Sketch y=|(x-1)(x-3)| and y=|x^2-4x| .
I don't know how to sketch the graphs :(
in your previous post I showed you how to graph the absolute value of linear function.
The same concept is true for the above quadratics
for y=|(x-1)(x-3)|
You will have two parabolas, one is
y = (x-1)(x-3) the other is y = -(x-1)(x-3)
one will open up , the other will open down
They both have the same x-intercepts of 1 and 3
So sketch both of them, then erase the part of both of them that lies below the x-axis.
Do the same for the second equation.
They will have similar shapes, except the second has x-intercepts of 2 and -2
i still don't really understand. How can i sketch y=(x-1)(x-3) and y=-(x-1)(x-3) ? what is the coordinate?
To sketch the graphs of y = |(x-1)(x-3)| and y = |x^2-4x|, we can follow a step-by-step process. Here's how you can do it:
1. Plot the x-intercepts:
- For the equation y = |(x-1)(x-3)|, set the expression inside the absolute value equal to zero:
(x-1)(x-3) = 0
This yields x = 1 and x = 3 as x-intercepts.
- For the equation y = |x^2-4x|, set the expression inside the absolute value equal to zero:
x^2-4x = 0
Factoring out x, we have x(x-4) = 0, which gives x = 0 and x = 4 as the x-intercepts.
2. Determine the sign of the expression within the absolute value:
- For y = |(x-1)(x-3)|, we know that both factors, (x-1) and (x-3), are non-negative when x ≥ 3 or x ≤ 1.
Hence, the expression within the absolute value will be positive or zero in these intervals, which results in |(x-1)(x-3)| = (x-1)(x-3).
In the interval 1 < x < 3, both factors are negative, and the expression within the absolute value becomes positive, resulting in |(x-1)(x-3)| = -(x-1)(x-3).
- For y = |x^2-4x|, we consider (x^2-4x) as a single factor. The quadratic expression is non-negative when its vertex (at -b/2a) is either on or to the right of the x-axis. In this case, the vertex is x = 2, which means x^2-4x ≥ 0 when x ≤ 0 or x ≥ 4.
Therefore, the expression within the absolute value will be positive or zero in these intervals, resulting in |x^2-4x| = x^2-4x.
In the interval 0 < x < 4, the quadratic expression is negative, and the expression within the absolute value becomes positive, leading to |x^2-4x| = -(x^2-4x).
3. Sketch the graphs:
- For y = |(x-1)(x-3)|:
• Starting from the left of the x-axis, when x ≤ 1, the function is positive or zero, taking the form y = (x-1)(x-3). Plot these points on the graph.
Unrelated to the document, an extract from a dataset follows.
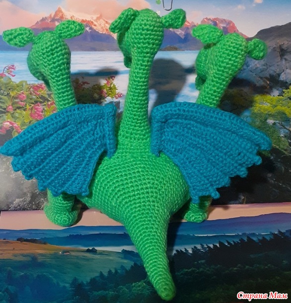Трехголовая получилась около 20 см в длину, чуть меньше в высоту.

• When 1 < x < 3, the function is negative, so reflect the portion between x = 1 and x = 3 to the positive side of the y-axis.
• Finally, for x ≥ 3, the function is positive or zero, taking the form y = (x-1)(x-3). Plot these points on the graph.
- For y = |x^2-4x|:
• Starting from the left of the x-axis, when x ≤ 0, the function is positive or zero, taking the form y = x^2-4x. Plot these points on the graph.
• When 0 < x < 4, the function is negative, so reflect the portion between x = 0 and x = 4 to the positive side of the y-axis.
• Finally, for x ≥ 4, the function is positive or zero, taking the form y = x^2-4x. Plot these points on the graph.
Please note that this explanation assumes you have a basic understanding of plotting points on a graph.